We compare the performance of the frequency-based approach to our segment-based approach using Twitter data. We find that the frequency-based approach detects more “false positives”—i.e., non-migrants who appear to be migrants because they have sparse trajectories. Using the frequency-based method, only 57.7% of days are attributed to either the home or destination district; this proportion rises to 72.9% with the segment-based method.
As several prior studies have pointed out, there are large biases in Twitter use (including who enables geolocation information on their Tweets) that complicate the interpretation of migration statistics derived from Twitter data (cf. [8, 18, 55, 56]). Our tests with Twitter data are primarily intended to illustrate the potential of our algorithm to be applied to an arbitrary source of digital trace data.
Tuning algorithm parameters
To understand how the key algorithm parameters impact the resulting migration classifications, we show the impact different parameter values have on the F1 score, based on the sample with human labels. F1 provides a balanced measure of recall and precision. Our approach contains three parameters: the maximum gap between consecutive days ϵ, the minimum number of days in a segment minDays, and the minimum proportion of days in a segment propDays. The relationship between each of these parameters and algorithm performance is shown in Fig 6A, 6B and 6C.
(A) Maximum gap between consecutive days. (B) Minimum number of days in a segment. (C) Minimum proportion of days in a segment. (D) Migration rate over time in Rwanda. The optimal tuning of these three parameters is ϵ = 7, minDays = 30, and propDays = 0.6 in our sample.
Small values of ϵ overlook cases where a person does not appear in the home location for a few days. But large ϵ generates very long segments, which can lead to substantial overlap with other segments.
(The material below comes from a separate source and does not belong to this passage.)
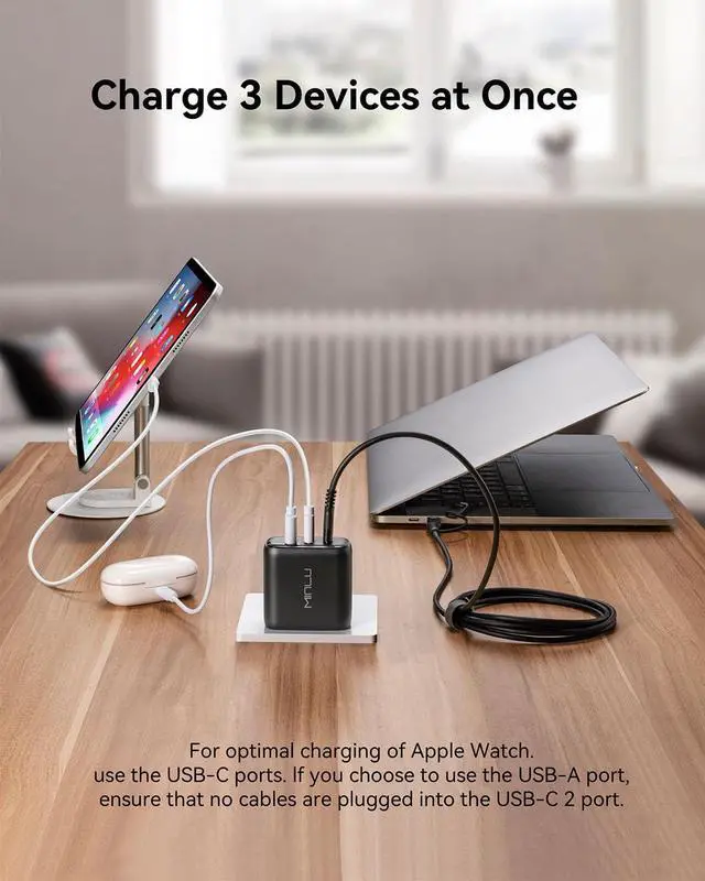 When you connect 3 devices, the top USB-C port can output 40W, the second USB-C port can output 12W, and the USB-A port can also output 12W. That gives you the power you need to charge your notebook, your tablet, and your phone all at the same time.
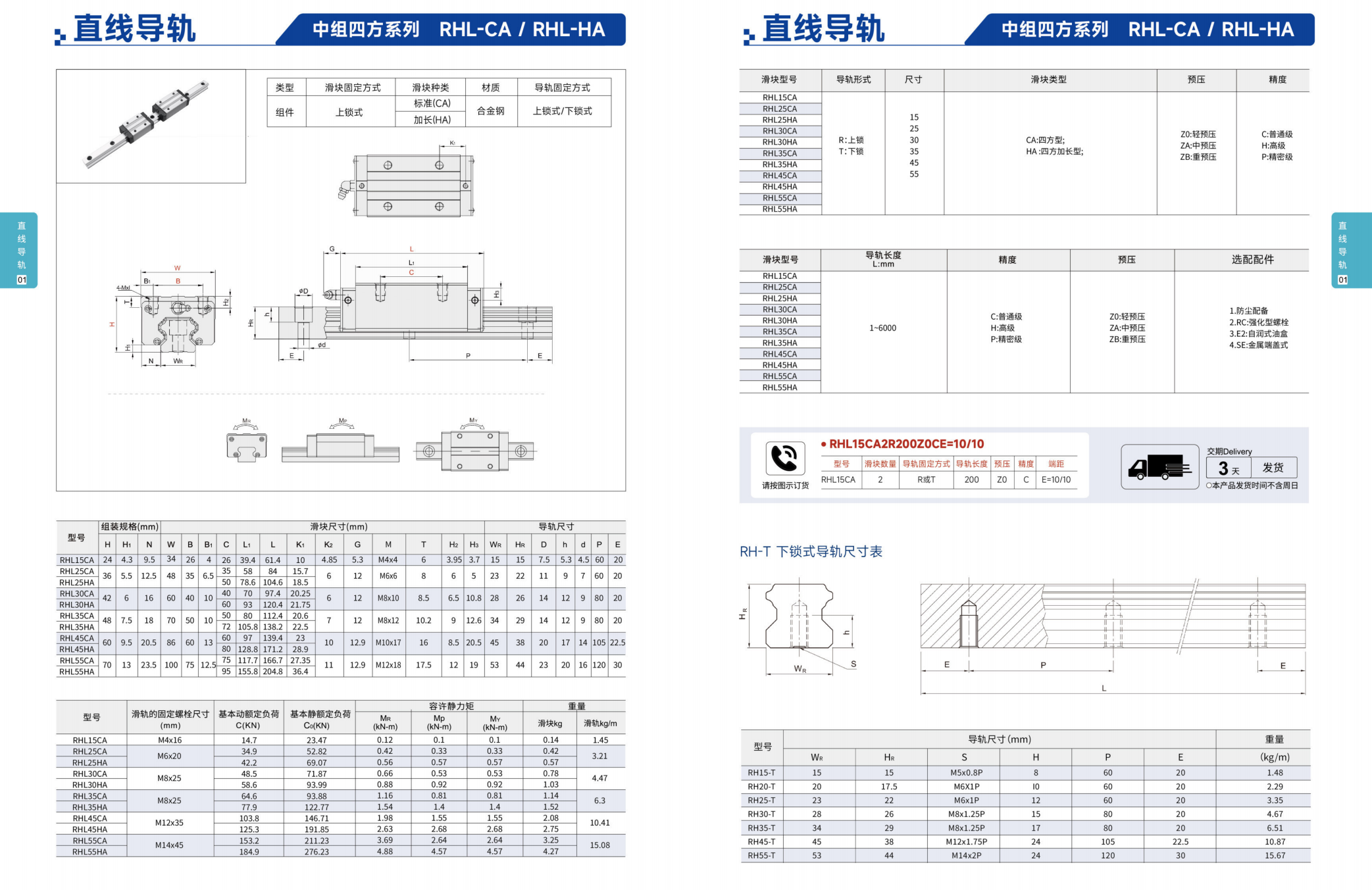 RHL-HA/CA15/20/25/30/35/45/55系列滑块导轨

When minDays is large, it requires a longer sequence of consecutive sightings at the same location, which in turn decreases the number of detected migration events. But if minDays is too small, more segments with a long overlap will be found, decreasing the number of detected migration events. The effect of propDays, the proportion of appeared days in segments, is similar to minDays.
To find the best parameters, we use cross-validation. Specifically, we use five-fold cross validation to split each of the four groups into training dataset (80%) and testing dataset (20%). The best combination of parameters is calculated by using the training dataset to maximize F1 score. We then test the accuracy using this combination of parameters in the testing dataset. We find that the average F1 score of the training dataset is 0.84 and the average F1 score of the testing dataset is 0.83. In our sample, based on the performance on the labeled dataset, the optimal tuning of these three parameters is ϵ = 7, minDays = 30, and propDays = 0.6. Of course, different contents may dictate a different optimal combination.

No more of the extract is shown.